Although summer may seem faraway, sleepaway camp can be an exciting thing for kids and parents to look forward to – and it’s never too early to start gathering information and beginning to plan.
Susie Lupert, executive director of the American Camp Association, NY and NJ says that while there will be many changes due to COVID the fundamentals of the camp experience including kids gaining independence and confidence remain the same.
“Last summer, a number of overnight camps were able to operate in the northeast and they did so successfully by mitigating the risk of COVID in the camp environment,” says Lupert. “It’s too early to tell exactly what changes will need to be implemented for summer 2021 but there is a blueprint on how to run safely.”
Testing, cohorting, additional hand washing and sanitizing, daily health screenings, increased disinfecting of camp and masks when social distancing among cohorts can’t be maintained are just some of the strategies camps will be using.
The Importance of Disconnecting at Camp
“Camp feels more important than ever this year for children,” says Lupert. “So many children have been home from school learning remotely and are missing out on so many things that contribute to a child’s growth. They aren’t socializing the same way or trying new activities. Kids are around their parents a lot this year, not allowing for the healthy separation that lets children gain independence and make their own decisions. Camp provides so many of these opportunities and also gives children the chance to be part of a structured, safe environment.”
Adam Baker, owner/director of Camps Equinunk and Blue Ridge says there’s no more important time for kids to be in camp due to the social learning loss brought on by COVID.
“Camps offer an opportunity for an immersive social environment,” says Baker. “There has been loss in relationships and how we learn to make friends.

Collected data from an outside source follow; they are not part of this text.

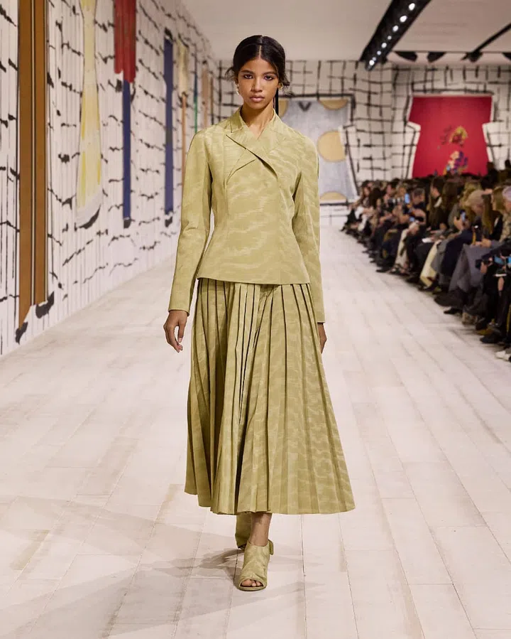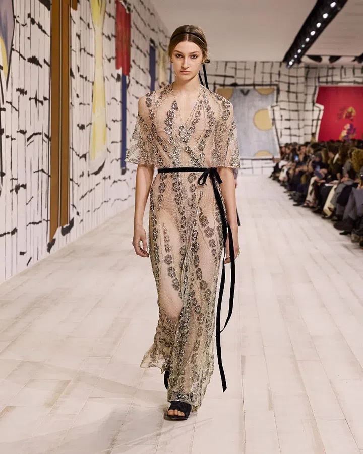 Maria Grazia Chiuri从品牌创始人克里斯汀·迪奥(Christian Dior)1952年秋冬设计的La Cigale——一款标志性灰色云纹连衣裙中汲取灵感,重新审视品牌经典,为当代造型注入了活力。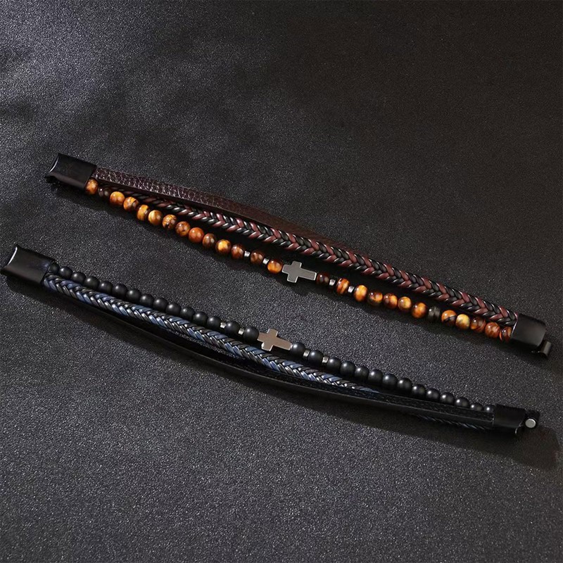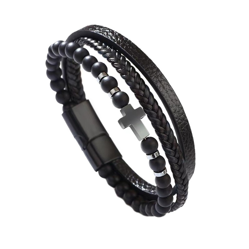 KunBead Mens Black Braided Leather Wrap Cross Bracelets for Women Handmade Multi-Layer Bracelet Rope Cuff Bangle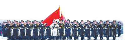 全体肃立,80响礼炮震彻云霄,国旗护卫队官兵护卫着五星红旗,迈着矫健的步伐,从人民英雄纪念碑行进至广场北侧升旗区。中国人民解放军联合军乐团奏响雄壮的《义勇军进行曲》,全场齐声高唱中华人民共和国国歌,鲜艳夺目的五星红旗冉冉升起,在天安门广场上空高高飘扬。

It’s about the emotional development of the child.”
Nicki Fleischner, assistant director at Camp Scatico says that camps are slowing down and taking a back-to-basics approach.

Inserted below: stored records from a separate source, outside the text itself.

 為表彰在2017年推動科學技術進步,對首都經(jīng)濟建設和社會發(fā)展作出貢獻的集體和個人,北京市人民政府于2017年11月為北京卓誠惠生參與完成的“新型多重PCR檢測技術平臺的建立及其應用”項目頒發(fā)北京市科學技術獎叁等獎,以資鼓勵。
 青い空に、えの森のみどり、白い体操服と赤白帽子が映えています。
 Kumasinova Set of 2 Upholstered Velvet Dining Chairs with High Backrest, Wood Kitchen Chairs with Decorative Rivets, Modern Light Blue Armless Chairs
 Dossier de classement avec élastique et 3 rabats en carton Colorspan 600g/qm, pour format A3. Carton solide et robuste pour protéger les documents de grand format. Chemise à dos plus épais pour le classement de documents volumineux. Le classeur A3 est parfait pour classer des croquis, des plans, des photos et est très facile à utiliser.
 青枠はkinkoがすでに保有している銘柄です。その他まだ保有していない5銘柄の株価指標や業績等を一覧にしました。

“It’s not about cramming as many full-camp activities into a session as possible, or about all the bells and whistles, but just about campers and staff growing and playing together, screen-free, in the outdoors,” she says. “There is a renewed appreciation for the true essence of camp.”
Signs of Readiness
Even pre-COVID, the decision to send your child to sleepaway camp is a big one. Lupert says that if your child seems excited when you mention overnight camp that’s a good sign they are ready.
“This doesn’t mean they won’t be nervous (or that you won’t be) but it’s a good first step,” she says. “Successful overnight campers are often children who are interested in making new friends, trying new activities and have had successful overnights away from mom and dad. You also want to make sure your child knows how to shower themselves and take care of their own personal hygiene.”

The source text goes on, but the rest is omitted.